食欲にムラがあるようなら、トッピングをしてみましょう。茹でたササミや胸肉、それらの茹で汁などがおすすめです。犬用チーズも良いですが、カロリーが高いので肥満が気になる愛犬には控えた方が良いでしょう。

他にも愛犬の好物や粉末の犬用ミルクをトッピングしたり、市販の犬用のトッピングを利用してみるのもおすすめです。総合栄養食のシニア犬用ウェットフードと混ぜてみるのも良いでしょう。

くれぐれもカロリーを考えて与えてくださいね。

工夫③ふやかす

食欲にムラがある犬の場合、ふやかしてみると食感や匂いが変わって食いつきが良くなることがあります。また、噛む力が衰えたシニア犬の場合はふやかすと食べやすくなります。

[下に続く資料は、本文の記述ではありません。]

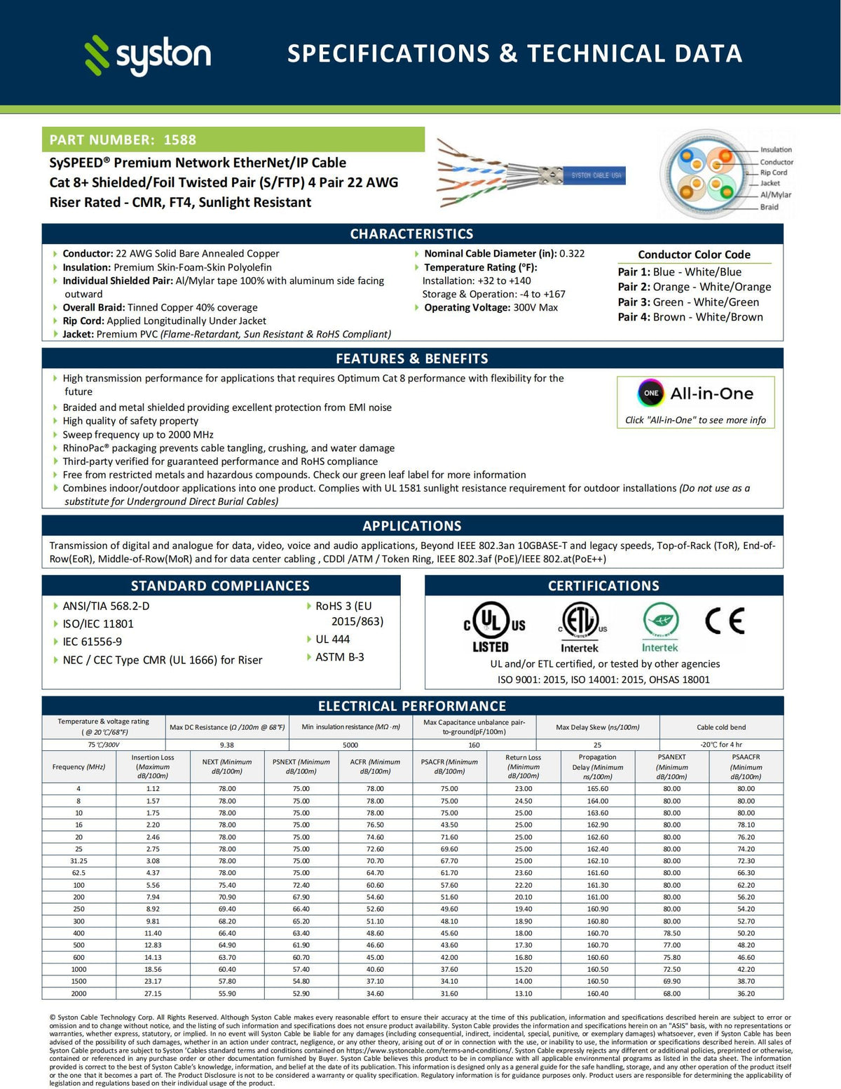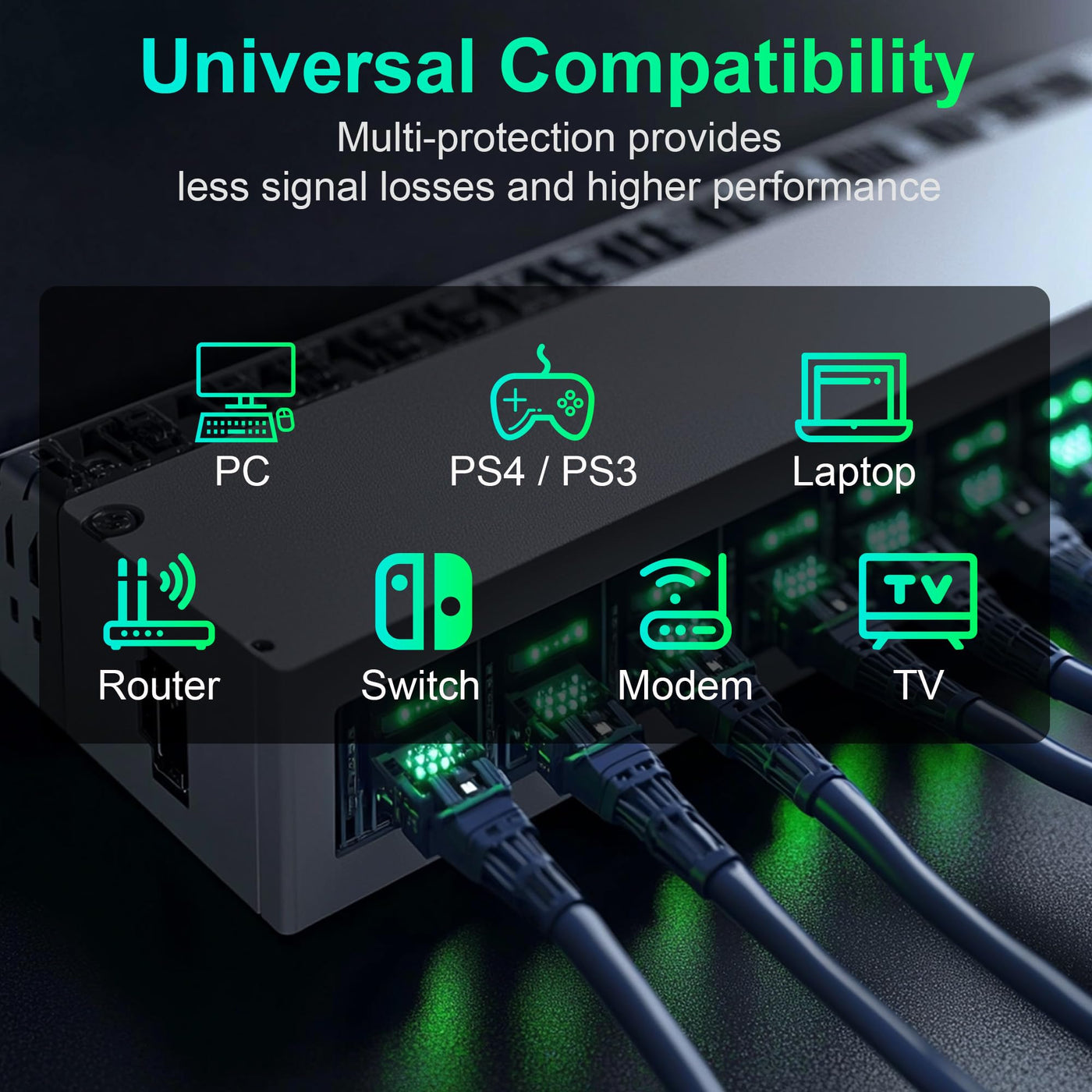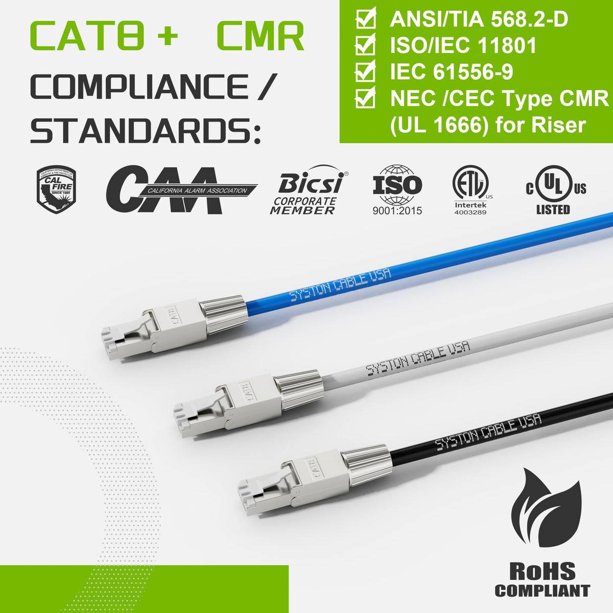 Ultra-High Speed 2000Mhz Performance - Experience Lightning-Fast Data Transmission With Our Ethernet Cable'S Impressive 2000Mhz Bandwidth And 40Gbps Speed. Perfect For Demanding Applications Like 4K Streaming, Online Gaming, And High-Speed Internet Browsing, Ensuring A Stable And Seamless Connection. | 22 Awg Pure Copper Conductors - Crafted With High-Quality 22 Awg Solid Bare Annealed Copper, This Cat 8+ Ethernet Cable Guarantees Excellent Conductivity And Minimal Signal Loss. Enjoy Superior Performance And Reliability, Even In Long-Distance Connections, For Uninterrupted Data Transfer. | Advanced S/Ftp Shielding For Maximum Signal Protection - Braided And Metal Shielded Providing Excellent Protection From Electromagnetic And Radio Frequency Interference (Emi/Rfi). Stay Free From Signal Degradation And Disruptions, Even In Environments With Heavy Electronic Noise. | Cmr (Riser-Rated) Flame-Retardant Grade - Our Cat 8+ Cable Is Designed With Your Safety In Mind. It Features A Cmr/Cl3R/Fplr (Riser-Rated) Flame-Retardant Rating That Provides Peace Of Mind In Case Of Fire. This Type Of Cable Is Commonly Used In Commercial Projects Where Enhanced Fire Safety Requirements Are Needed, Exceeding The Basic Fire Safety Rating Of Cm Cables. | Wide Compatibility - With The Rj45 Connector, This Premium Cat 8 Network Cable Can Be Perfectly Compatible With Computers, Laptops, Modems, Routers And Other Networking Devices. It Can Also Be Fully Backward Compatible With Cat6A, Cat6E, Cat5E.
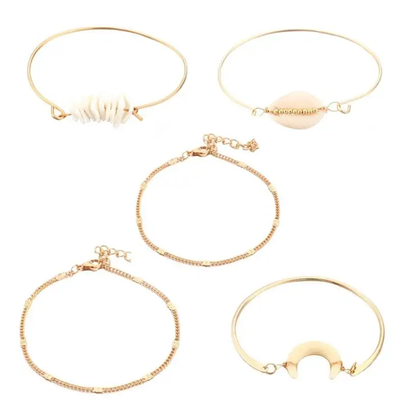 5 шт.компл. Boho Shell Moon Chain браслет этнический браслет пляжные украшения подарок для женщин Boho кисточкой бисерный браслет ювелирное изделие оптовая продажа
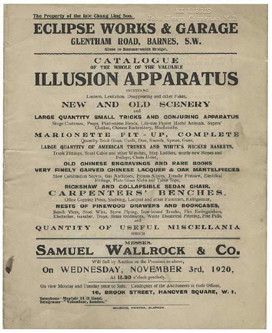 Chung Ling Soo (William Ellsworth Robinson). Catalogue of the Whole of the Valuable Illusion Apparatus of the Late Chung Ling Soo. London, 1920. Original printed wrappers. p. [3] 4—20. 8vo. Fine. A scarce catalog, and the first we have seen with annotations of all prices realized and, in some cases, the identities of the high bidders. Original purchasing slip tipped-in. With a letter from the previous owner, George Jenness, to Grossman, concerning the sale of this copy.
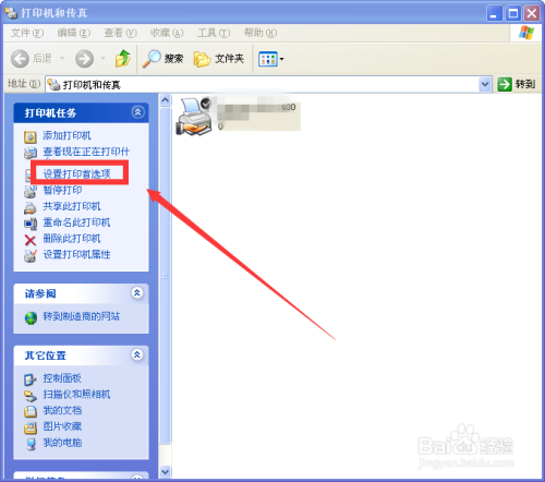 在左边打印机使命中找到“设置打印首选项”单击(也可以鼠标右键找到该项单击)
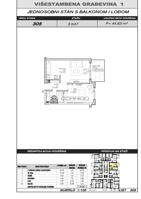 Na prodaju je atraktivan jednosoban stan površine 44,63 m², smješten na trećem katu moderne stambene zgrade s liftom. Stan se sastoji od dnevnog boravka s kuhinjom i blagovaonicom, spavaće sobe, hodnika, kupaonice, natkrivene lođe s izlazom iz dnevne zone. Stan ima iznimno funkcionalan raspored, dobru prirodnu osvijetljenost i povezanost unutarnjeg i vanjskog prostora.
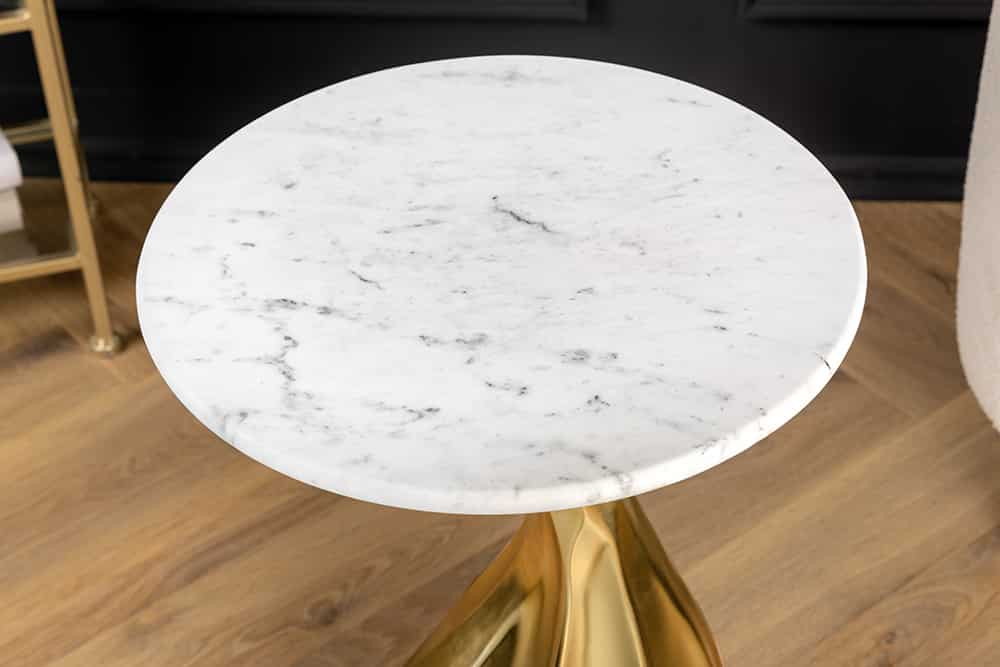TEAR – kerek kisasztal, fehér márvány lappal és sárgaréz színű vázzal (60 cm)

ふやかしても食欲不振の時は、ふやかす際にササミの茹で汁を使ったり、犬用ミルクを使ったりしましょう。ふやかすと水が増えるため、少量で満腹になる傾向がありますから、食事の回数を増やした方が良いかもしれません。

ふやかすと消化も良くなりますから、お腹の調子が悪い愛犬にもおすすめです。

5.まとめ〜シニア犬にとって理想の食生活とは?〜

ここまでシニア犬の定義、成犬用とシニア犬用のフードの違い、シニア犬に必要な栄養素、与え方の工夫を紹介してきました。結局、シニア犬にとって理想の食生活とはなんでしょうか。

個体差もあるので一概には言えませんが、まとめると以下の通りになります。

  • 小・中型犬なら6〜7歳前後、大型犬なら5歳前後で、老いを感じたらシニア犬用フードに移行。
  • シニア犬用のフードで低カロリーでも高タンパクなものを選ぶ。粒などを考えるとシニア犬用が良いが、全ライフステージ対応のものでも良い。
  • 様子を見て食事を与える回数を増やす。食欲にムラがあったり、噛むのが辛そうなら工夫する。

犬の老いは人間よりかなり速いです。日々観察して、老いを感じたらそれに対応しましょう。食事は命をつなぐ大切なものです。老いていく愛犬が生活しやすくなるように、工夫を重ねていってくださいね。